The hitl_priority and hitl_sla_minutes envelope keys let agents tier their requests. Urgent reviews can be page-out-loud; routine reviews wait in a queue.

2. Reviewer workload

If you gate seven agents, every patient generates 7×N reviews (in the worst case). The system has to be tuned so reviewers spend their time on cases where their judgment changes the outcome — not rubber-stamping every refill.

Two mitigations:

• High-confidence auto-approve with required audit and periodic sampling. The refill_manager already auto-approves on-plan medications; only off-plan refills hit the queue.
• Reviewer triage scoring — a separate model can pre-rank the queue by likely-to-need-review, putting the easy cases at the bottom.

3. Cascade overflow

Approvals trigger downstream reviews. A high-risk discharge approval cascades into a TCM welcome review, which might cascade into a panel-gap outreach review. One discharge → 3 reviews. A busy hospital → hundreds of reviews per day.

The architecture supports cascade depth limits (planned: a hitl_cascade_depth envelope key with a default of 3). Once a cascade is N reviews deep, the system either stops (silent failure) or pages the on-call clinician (loud failure). We’ve discussed but not shipped this.

4. Reviewer drift

The same reviewer, week 1 vs week 30: are they approving for the same reasons? Are they rubber-stamping by month 12?

Bodh records reviewer rationales — the Reason field on each review decision. Periodic audit can analyse rationale text for drift, missing reasoning, or copied-template approvals. This is also Joint Commission territory if Bodh ever deploys clinically.

5. Reject-rate paradox

If reviewers reject 0% of recommendations, you’re rubber-stamping. If they reject 30%, your AI isn’t useful enough to ship.

The healthy band is somewhere in between. Tracking per-hitl_kind reject rates over time tells you which gated flows are tuned correctly. We expose this on the audit endpoint; production deployments will graph it.

Where this fits in the regulatory shift

The FDA’s regulatory framework for AI/ML SaMD is itself a moving target. The PCCP (Predetermined Change Control Plan) guidance, GMLP (Good Machine Learning Practice), and the ongoing 510(k) clearance process for AI-enabled devices are all evolving.

What’s relatively stable is the architectural commitment: if you want to stay out of SaMD classification under the Cures Act CDS carve-out, criterion 4 is the load-bearing constraint. The other three are easier to assert; criterion 4 has to be visible in the system architecture.

Most “human in the loop” claims I’ve reviewed for clinical AI products don’t survive contact with this.

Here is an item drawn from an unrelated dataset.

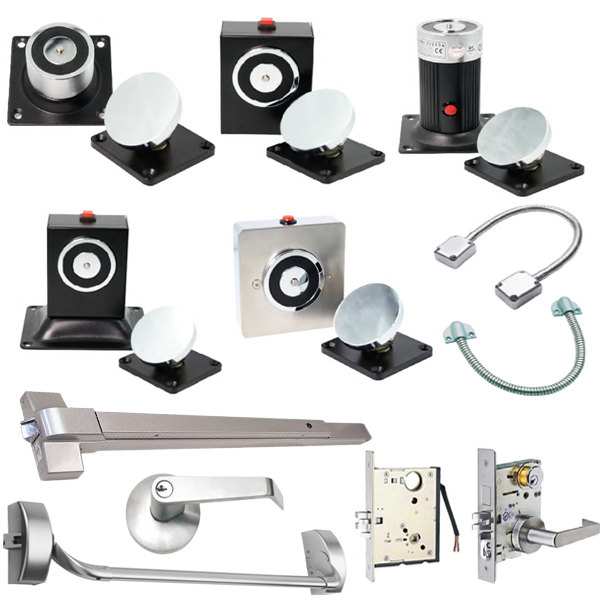 • Locking hardware, such as Electric door strikes, Bolt locks, Shear locks, Rim Locks and Electromagnetic locks.
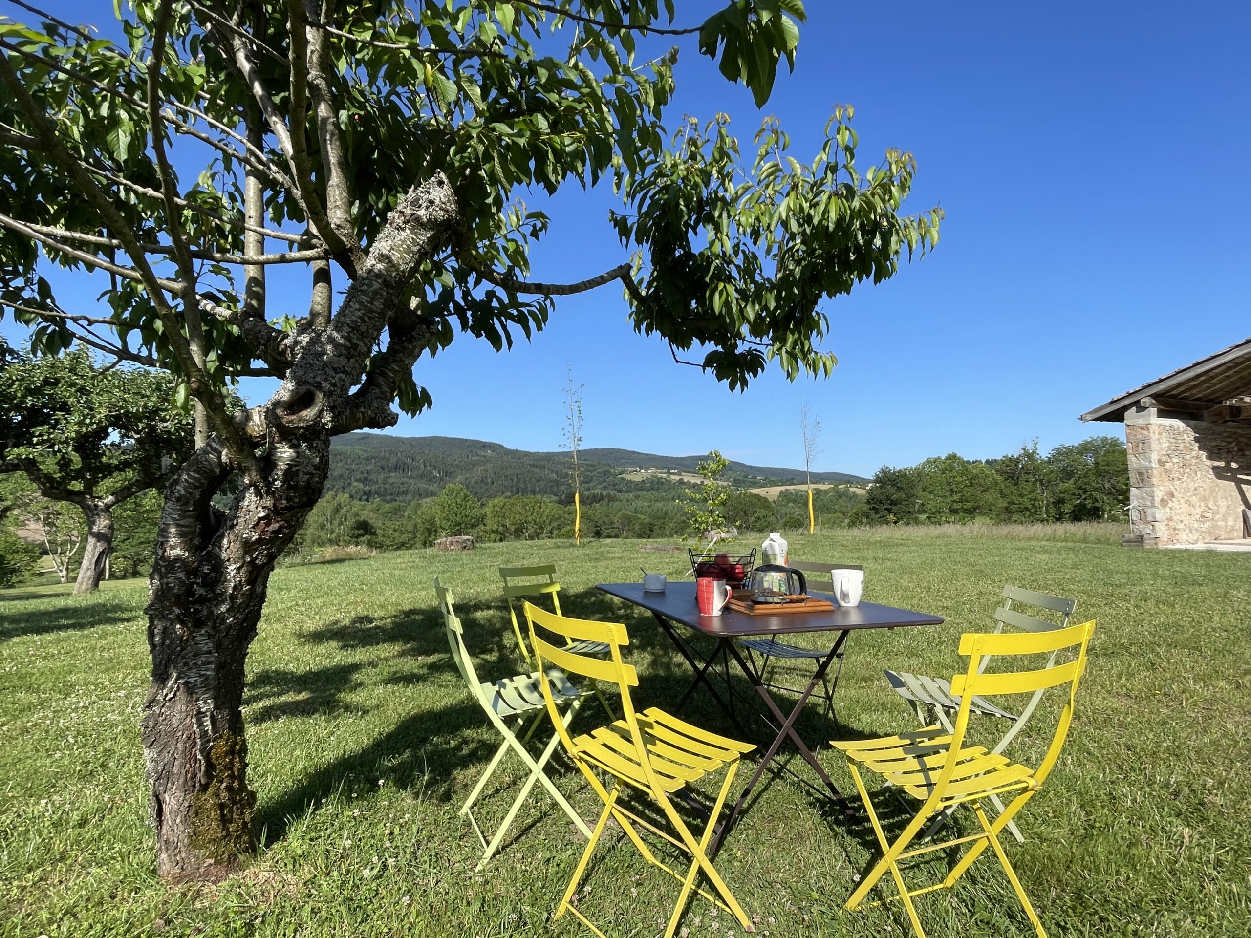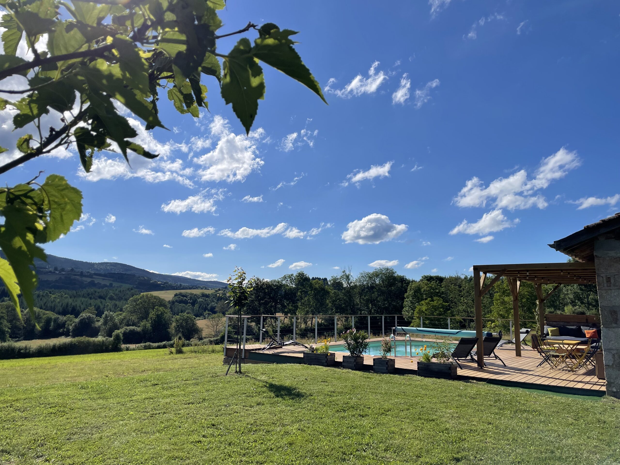 A l’extérieur, une piscine de 8 x 4 x 1,30 m intégrée dans une terrasse sur pilotis de 100 m2 surplombe 2 hectares de prairie et vous offre une vue imprenable sur les Bois Noirs, sans vis à vis, dans un écrin de verdure. Devant la maison, vous profitez d’une grande esplanade arborée où vous pourrez prendre l’apéro sous un bosquet de frênes, déjeuner sous l’appentis à l’abri du soleil ou faire une partie de molky quelque part dans les deux hectares de prairie.

They have UIs that show recommendations to clinicians, but the system has already acted by the time the clinician sees them — the “review” is a confirmation dialog, not a gate.

Bodh’s human_review agent — and the seven gated agents wrapping their outputs in review_request envelopes — is what criterion 4 looks like when you actually implement it.

Try it

git clone https://github.com/PratikDhanave/bodh.git
cd bodh

# Diagnostic flow with HITL on (default in caredemo)
go run ./cmd/caredemo

# Inspect the queue
go run ./cmd/care -addr=:8088 &
curl -s localhost:8088/reviews?status=pending | jq .

# Approve via HTTP
curl -s -X POST localhost:8088/reviews/{id}/decide \
  -H 'content-type: application/json' \
  -d '{"reviewer_id":"rn-rachel","decision":"approve","reason":"vitals consistent"}'

Repo: github.com/PratikDhanave/bodh

If you’re building clinical decision support and wrestling with the same regulatory question — what does criterion 4 actually require? — I’d love to compare implementations. The audit envelope and the lossless-on-reject pattern aren’t claims; they’re code in pkg/hitl and agents/human_review.go. Open issues, PRs, or DMs.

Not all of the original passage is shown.